From declining deforestation to quitting coal, Indonesia marks a pivotal 2022

by Isabel Esterman on 30 December 2022



  • 2022 saw a continued decline in deforestation in Indonesia, as well as financing deals for forest conservation and phasing out fossil fuels, and a scramble to keep up with changing EU timber regulations.
  • The year also saw the passage of controversial amendments to Indonesia’s criminal code, friction between the government and researchers, and increasing concerns about the environmental cost of the country’s nickel boom for electric vehicle batteries.
  • Here are some of the top environment stories and trends of 2022 from one of the world’s most important tropical forest countries.

Home to the world’s third-largest expanse of tropical forest, the world’s fourth-biggest population, and frequently ranked among the world’s top 10 greenhouse gas emitters, Indonesia is a country where what happens has a vast effect on global biodiversity and environmental health.

Here, assembled by Mongabay staff, are some of the top news and trends from Indonesia in 2022.

Deforestation continues to slow

Between 2001 and 2021, Indonesia lost more than 28 million hectares (69 million acres) of forest, an area larger than New Zealand, according to Global Forest Watch.

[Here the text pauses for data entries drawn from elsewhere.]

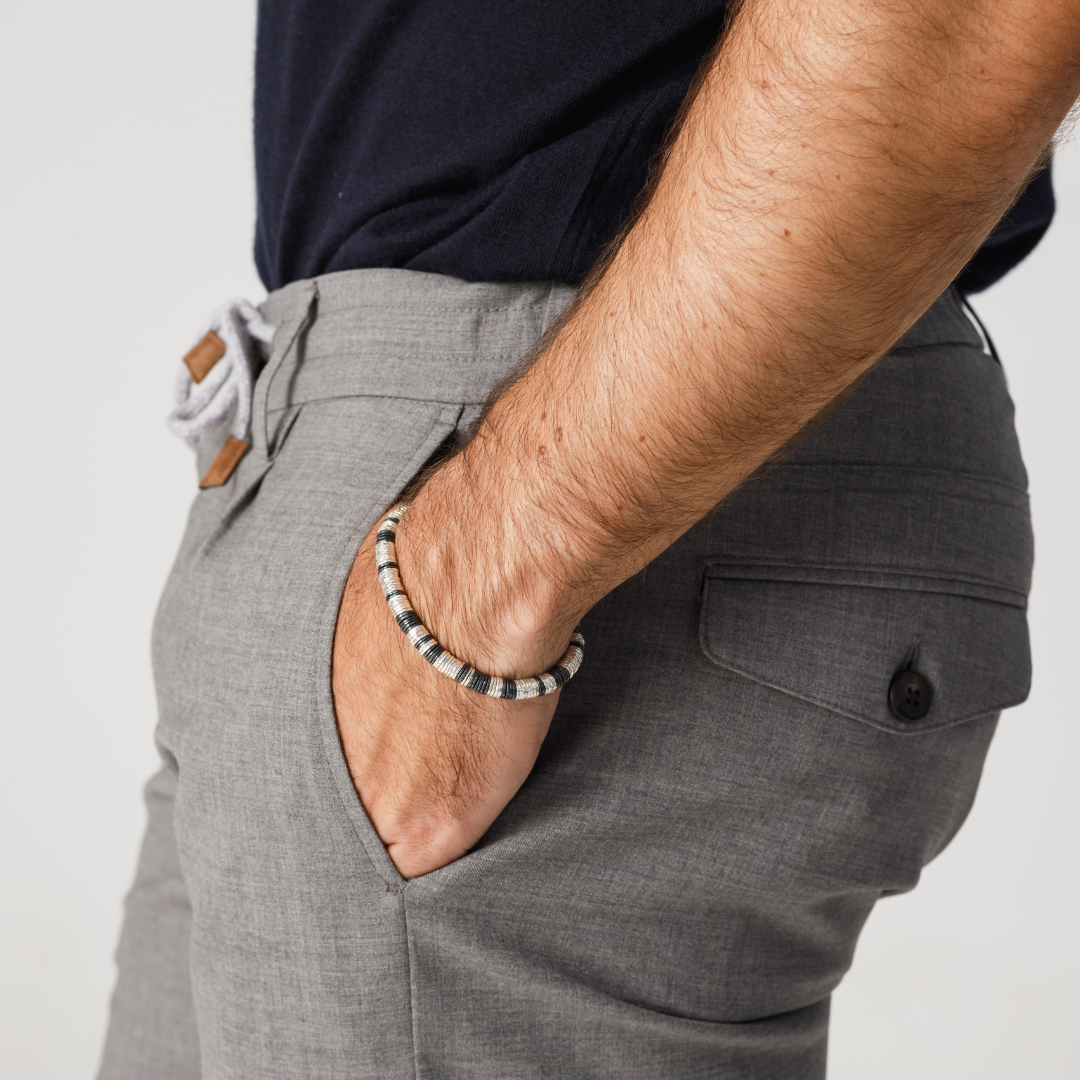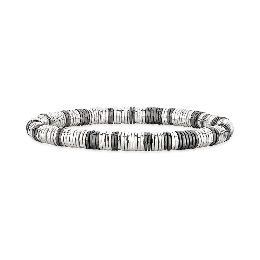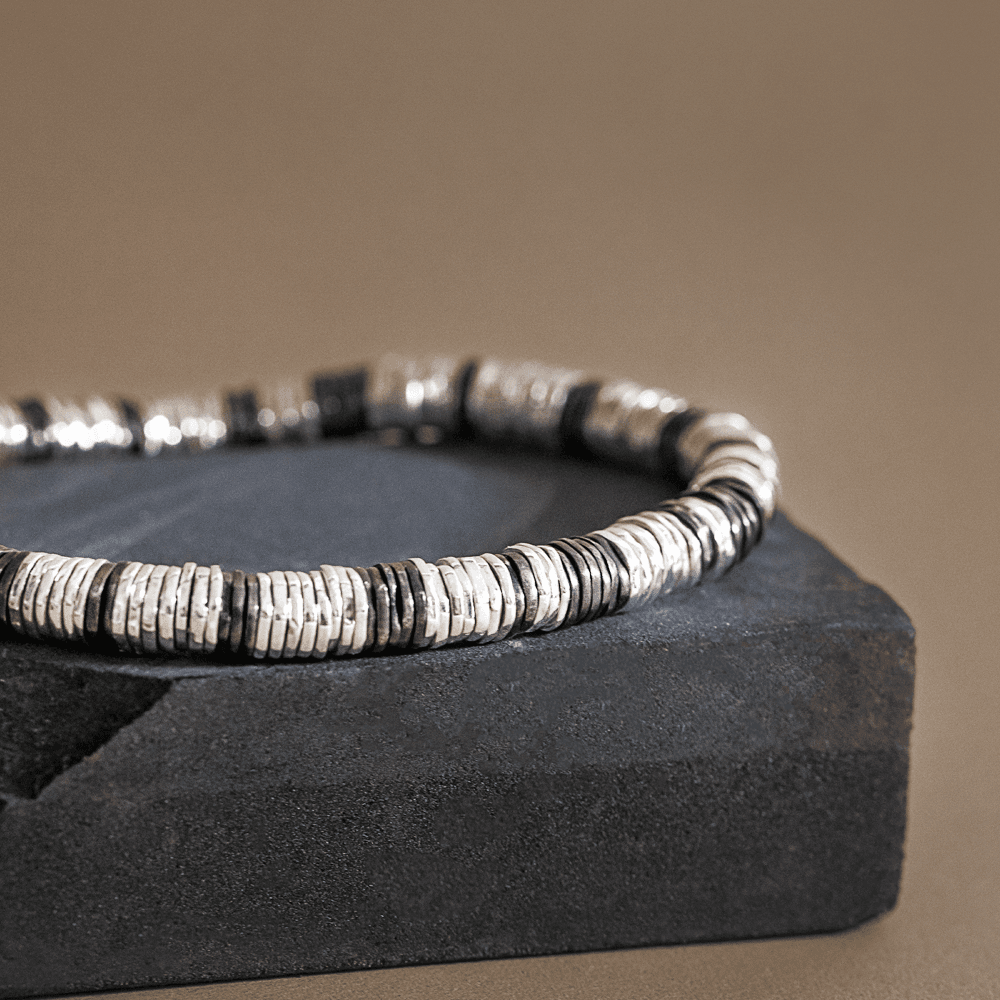 Pulseira masculina Merano, confeccionada inteiramente com mais de 200 discos de prata 925, cada um feito à mão e com um design único. Uma joia única que reflete sofisticação e um trabalho artesanal impecável.
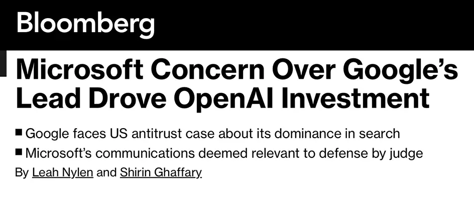 Bloomberg — Microsoft Concern About Google’s Lead Drove Investment in OpenAI (May 2024) https://www.bloomberg.com/news/articles/2024-05-01/microsoft-concern-about-google-s-lead-drove-investment-in-openai
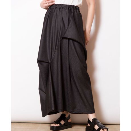 [型番:599006-232S]立体的なタックドレープがモードなスカートは、軽いテンセルデニム風の素材でカジュアルダウン。存在感のあるデザインは、単調になりがちな夏のコーデに奥行きをもたらす。===========================透け感: なし伸縮性: 僅かにあり光沢感: 僅かにあり裏地: なし素材について: とろみのある、テンセルデニム風の軽めな素材感===========================
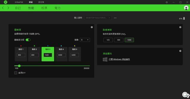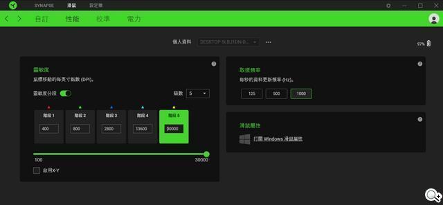 ▼ 再按壓切換DPI,可以看到已經照之前設定的數值切換。(DPI 30000 真的太高了,一般 DPI 3200 就很夠了。)
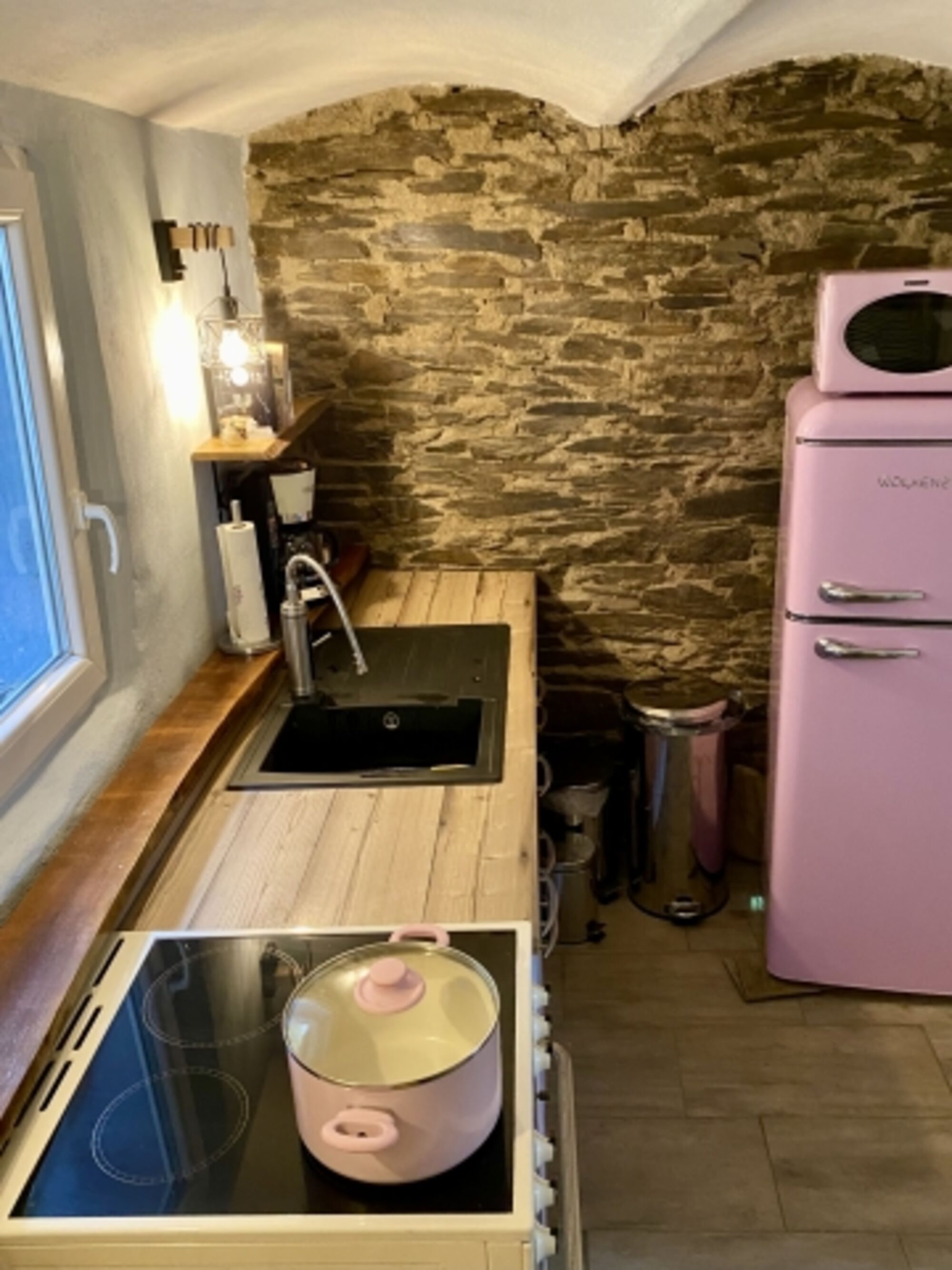 Cerankochfeld, Kühlschrank mit Gefrierfach, Senseo-Kaffeeautomat, Korkenzieher / Flaschenöffner, Gewürze (Salz, Pfeffer, Zucker), Öl / Essig, Geschirrhandtücher, Mülltüten
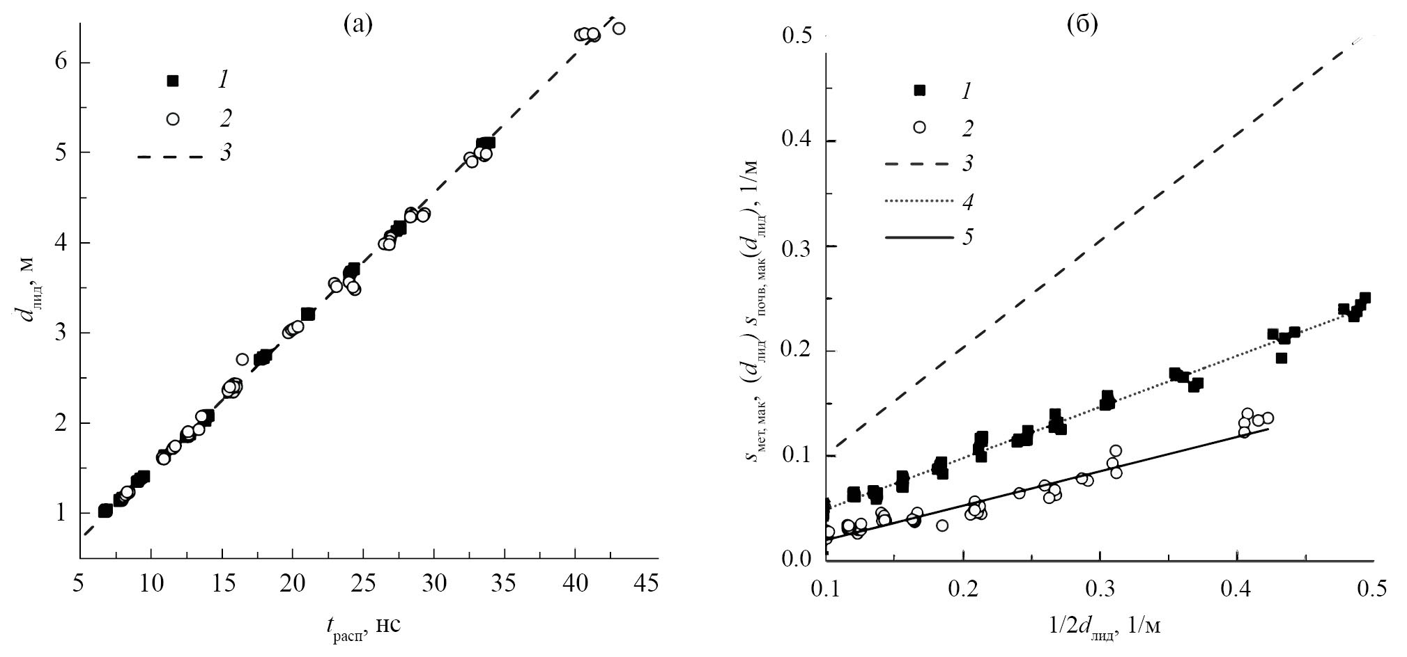 Рис. 9. Время запаздывания (а) и максимумы огибающих (б) СШП-импульсов, отраженных от почвенного покрова: а – измерения выполнены 11 и 17 сентября 2022 г. на тестовом участке 1 соответственно на площадках 1 (1) и 2 (2); б — аппроксимации измеренных значений sпоч, max(dлид) (символы 1 и 2) линейными зависимостями обозначены соответственно 4 и 5. Линейные зависимости 3 получены в ходе калибровки (см. разд. 3Б).

However, since peaking in 2016, forest loss in Indonesia has continued to decline. According to GFW, the country lost 841,000 hectares (2.08 million acres) of tree cover in 2021, including 203,000 hectares (502,000 acres) of primary forest, both the lowest levels recorded since 2003. Deforestation linked to oil palm expansion, for years a primary driver of forest loss, has also shown a marked decline. An analysis by palm oil supply chain mapping initiative Trase found that deforestation in Indonesia associated with palm oil dropped by 82% in the past decade. The trend also appears to hold across the region, with palm oil-linked deforestation across Indonesia, Malaysia and Papua New Guinea dropping for the second year in a row in 2021, according to a study by sustainability risk analysis organization Chain Reaction Research. The declines, which occurred even as palm oil prices rebounded in the wake of the COVID-19 pandemic, have been described as “huge huge news” and a signal that sustainability pledges are having a real impact on deforestation.

While the numbers have generally been met with optimism, activists note that there is still cause for concern. “Indonesia’s forests are not yet out of danger: 2.4 million hectares [5.9 million acres] of intact forest remain in existing palm oil concessions,” Timer Manurung, director of Indonesian environmental NGO Auriga Nusantara, told Mongabay. “Legally speaking, companies could clear [these] forests. Right now, there’s no legal protection.” Forests in Indonesian Borneo and Papua are particularly in danger, Timer said.

This echoes broader concerns about deforestation in the country: a 2021 report by a coalition of Indonesia NGOs found that while Indonesia’s overall annual deforestation rate fell, forest loss in the regions with the most remaining forest, concentrated in the country’s eastern islands like Papua, actually increased. Environment activists also point to recent government policies as potential threats to forests, including a push to expand large-scale food estates, plans to build a new capital city in Borneo, major infrastructure projects, and a program to promote palm oil-based biofuel.

Burning within Tesso Nilo National Park.
Between 2001 and 2021, Indonesia lost more than 28 million hectares (69 million acres) of forest. However, since peaking in 2016, forest loss in Indonesia has continued to decline. Image by Rhett A. Butler/Mongabay.

EU deforestation law prompts a regulatory upgrade

In December, the European Union finalized a law banning the trade of timber and other forest products associated with deforestation and forest degradation, even if the products are sourced and exported legally. Once the law is fully enacted, companies will be required to issue due diligence statements verifying that any goods they import into the EU are deforestation- and forest degradation-free. Conservation groups like Greenpeace and WWF have lauded the law as “groundbreaking” and a “major breakthrough for forests.”

Indonesian officials, however, have slammed the law, saying it negates more than a decade of progress by the country in complying with existing EU sustainability codes. Since 2011, Indonesia has worked with the EU to develop a system, known as the SVLK, to verify the legality of its exported timber. The SVLK is supposed to favor Indonesian timber products, granting them a “green lane” that exempts them from stringent checks on arrival. The new law, officials and industry insiders say, shifts the goalposts after the arduous process of bringing exporters into compliance with SVLK requirements.